Identifiers
- Symbol: FCGR2A
- Alt. symbols: FCG2, FCGR2A1, FCGR2
- NCBI gene: 2212
- HGNC: 3616
- OMIM: 146790
- RefSeq: NM_021642
- UniProt: P12318

Other data
- Locus: Chr. 1 q23

Search for
- Structures: Swiss-model
- Domains: InterPro

= CD32 =

Surface receptor glycoprotein

CD32 (cluster of differentiation 32), also known as FcγRII or FCGR2, is a surface receptor glycoprotein belonging to the Ig gene superfamily. CD32 can be found on the surface of a variety of immune cells. CD32 has a low-affinity for the Fc region of IgG antibodies in monomeric form, but high affinity for IgG immune complexes. CD32 has two major functions: cellular response regulation, and the uptake of immune complexes. Cellular responses regulated by CD32 include phagocytosis, cytokine stimulation, and endocytic transport. Dysregulated CD32 is associated with different forms of autoimmunity, including systemic lupus erythematosus. In humans, there are three major CD32 subtypes: CD32A, CD32B, and CD32C. While CD32A and CD32C are involved in activating cellular responses, CD32B is inhibitory.

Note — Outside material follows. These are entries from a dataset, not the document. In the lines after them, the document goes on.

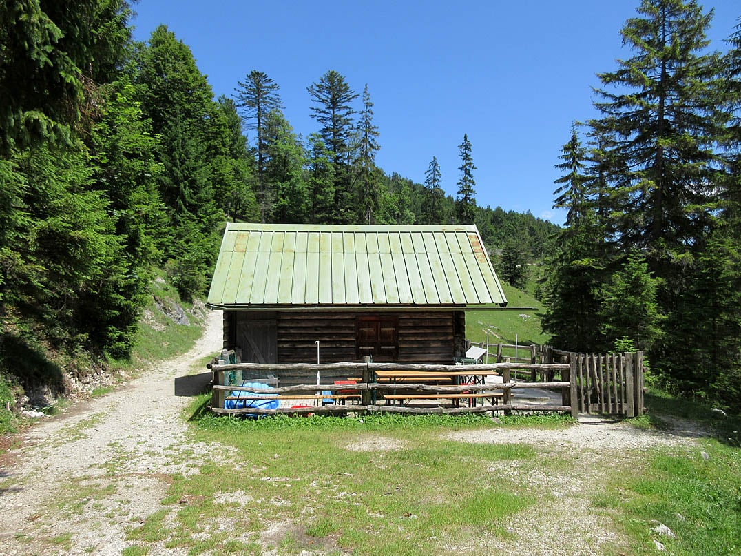 Nach etwas weniger als eineinhalb Kilometern treffen wir auf die Finzbrücke (1077m). Anstatt hier nach links in Richtung Gerold abzubiegen, halten wir uns erneut geradeaus und folgen der Beschilderung gen Esterbergalm. Rund fünf Kilometer kurbeln wir auf dem zumeist gut ausgebauten Fahrweg durch den Wald und genießen die Abgeschiedenheit. Nur selten treffen wir andere Mountainbiker. Nachdem wir ein Weidetor durchquert haben, gilt es nur wenige Meter weiter über ein steiniges Bachbett zu gelangen. Hier ist tragen bzw. schieben angesagt - zum Glück jedoch nur wenige Meter. Schon kurze Zeit später bringt uns der Weg auf das freie Almgebiet der Farchanter Alm (1272m) und im weiteren Verlauf bis zur bewirteten Esterbergalm (1262m), einem beliebten Ausflugsziel für Mountainbiker und Wanderer gleichermaßen.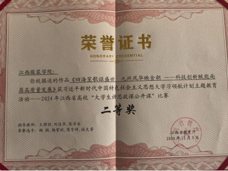 (SUNBET申搏官网 讯)近日,江西省教育厅公布了2024年江西省高校“大学生讲思政课公开课”作品拟获奖名单,申搏官网学生杨懿、杨紫欣、简宇祥、桂文芳作品《四海笙歌讴盛世 九州风华映金朝——科技创新赋能南昌高质量发展》(指导教师王雅丽、刘佳华、陈洋安)荣获2024年江西省高校“大学生讲思政课公开课”展示活动二等奖。
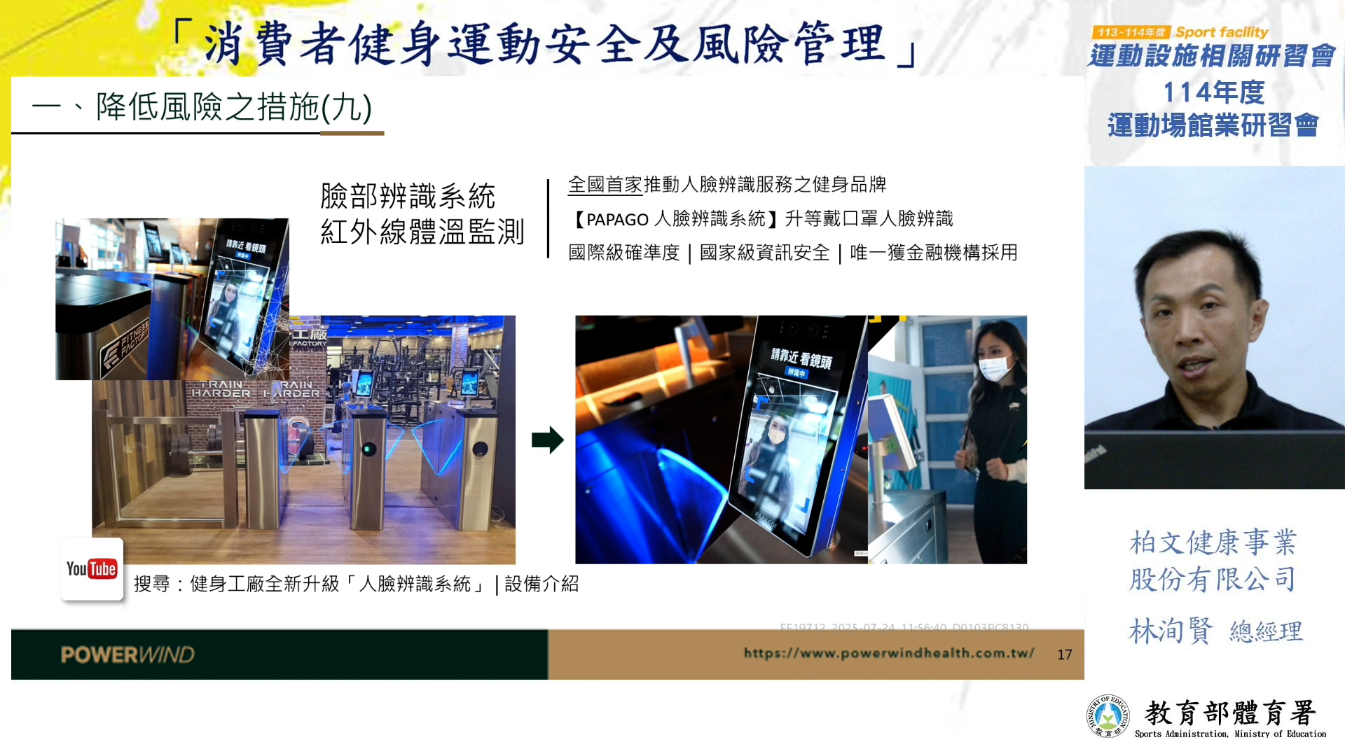 • _附件照片2_1140730_1_柏文健康事業股份有限公司總經理林洵賢分享「消費者健身運動安全與風險管理」,提升場館管理者在運動安全上的風險意識與處理能力。  共2張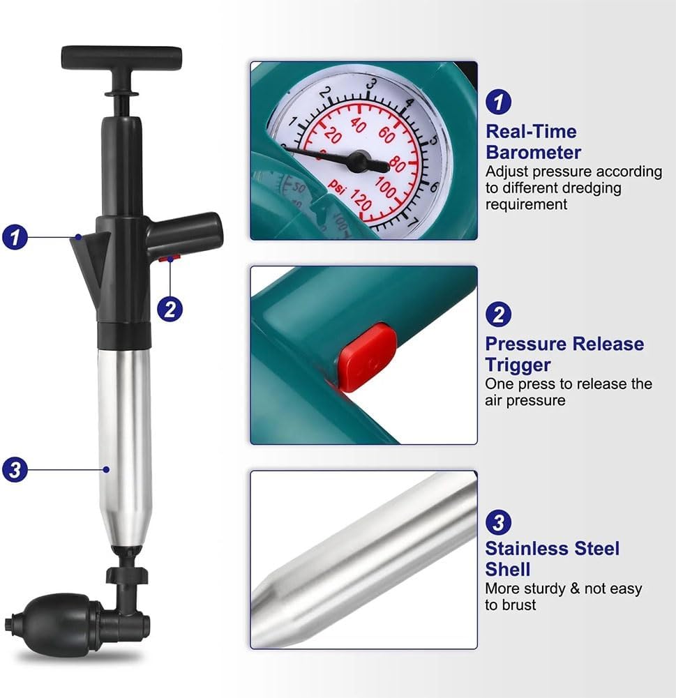 This tool is safe and effective for both families and professionals. It delivers strong, targeted blows to clear clogs caused by hair, grease, and debris without the need for costly plumbing services.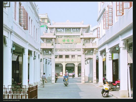 当时我徜徉在华南韩江流域的一座规模不大但文化遗存丰富的中小城市的古街上。十字路口东、南、西、北伸将开去,都是一座座的大理石牌坊,至少有二十几座。这古街上人迹不多,总的说来是相当安静。除了少量摩托车和自行车偶尔通过以外,主要是街道两侧经营商铺的人们。看上去男女老少大都神情安详,几乎无一人面现浮躁之色。
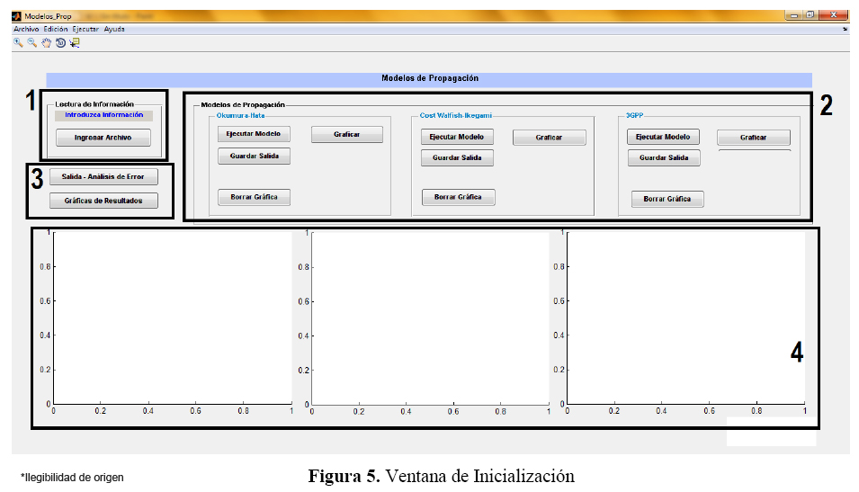 La Figura 5 muestra la ventana de inicialización y su estructura, se observa la distribución de cada elemento y el diseño del mismo. La sección 1 de la Figura 5, es utilizada para cargar los datos en el sistema, la sección 2 es empleada para seleccionar el modelo de propagación a ser usado; para realizar el análisis de los cálculos realizados por el sistema, se utiliza la sección 3; finalmente la sección 4 despliega las gráficas de la potencia con respecto a la distancia.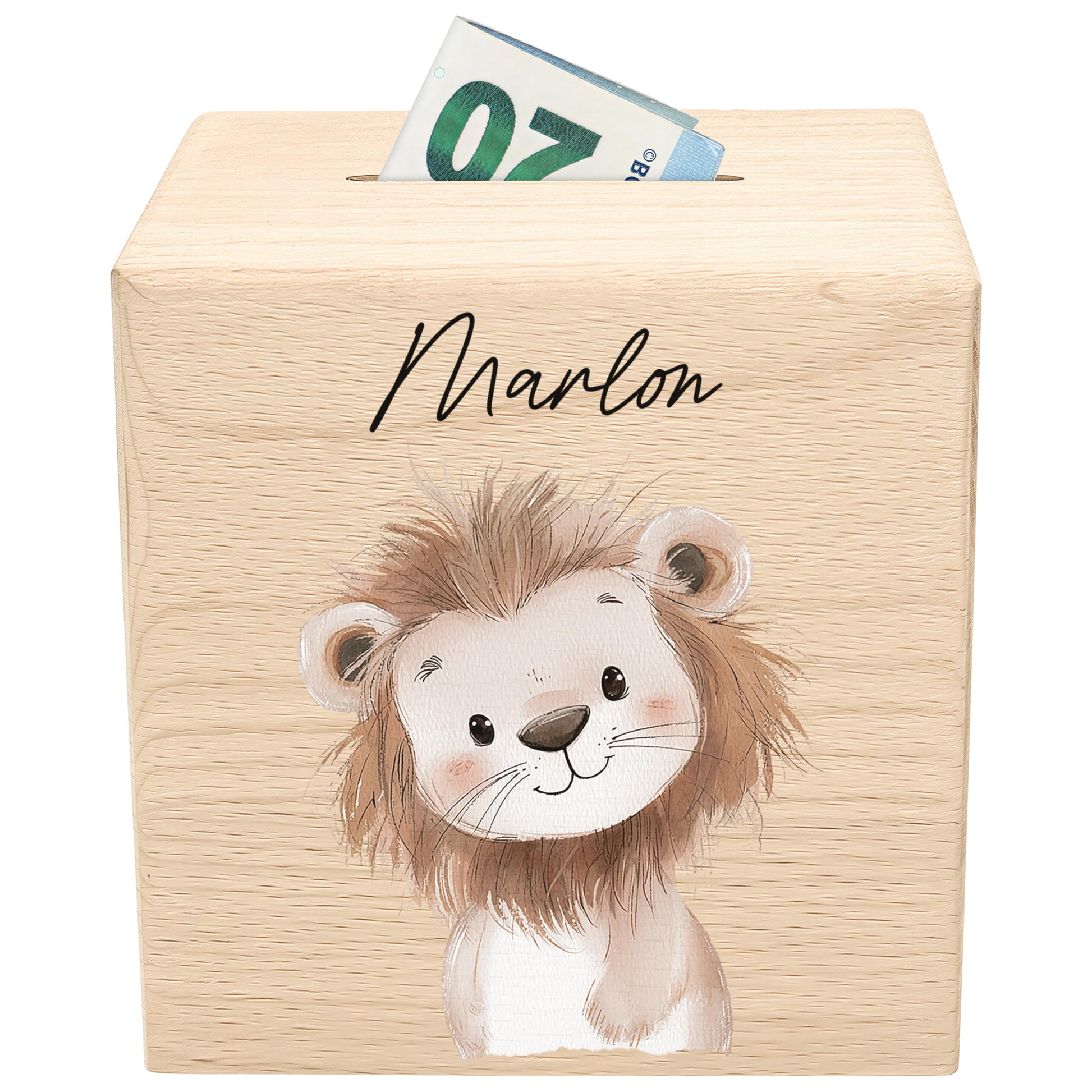 Spardose für Kinder Löwe personalisiert Safari Tiere Sparbox aus Holz Sparschwein mit Schlüssel Taufgeschenk für Jungen & Mädchen

== Structure and signaling ==
CD32 is a type I transmembrane protein with a helical transmembrane region. Whereas the extracellular region consists of three immunoglobulin domains (roughly 100 a.a. in length), the cytosolic region varies by subtype. CD32A and CD32C possess an immunoreceptor tyrosine-based activation motif (ITAM), while CD32B has an immunoreceptor tyrosine-based inhibitory motif (ITIM). Both motif types rely upon interactions with SH2 domain-containing proteins to transduce signals upon binding to an IgG immune complex. When an ITIM is phosphorylated, it activates effector proteins that dephosphorylate the downstream targets of the ITAM signal cascade, such as MAP kinases.

CD32 receptors bind to the lower hinge region of IgG via an extracellular domain. Additionally, all CD32 subtypes readily bind IgG1 and IgG3 immune complexes, but differ in their binding affinities for IgG2 and IgG4. CD32A binds IgG2 immune complexes, but not IgG4. CD32B and CD32C bind IgG4 immune complexes, but not IgG2. The usage of monoclonal antibodies can distinguish between CD32A and CD32B; however, the high degree of homology between the extracellular domains of CD32A and CD32C make differentiation difficult.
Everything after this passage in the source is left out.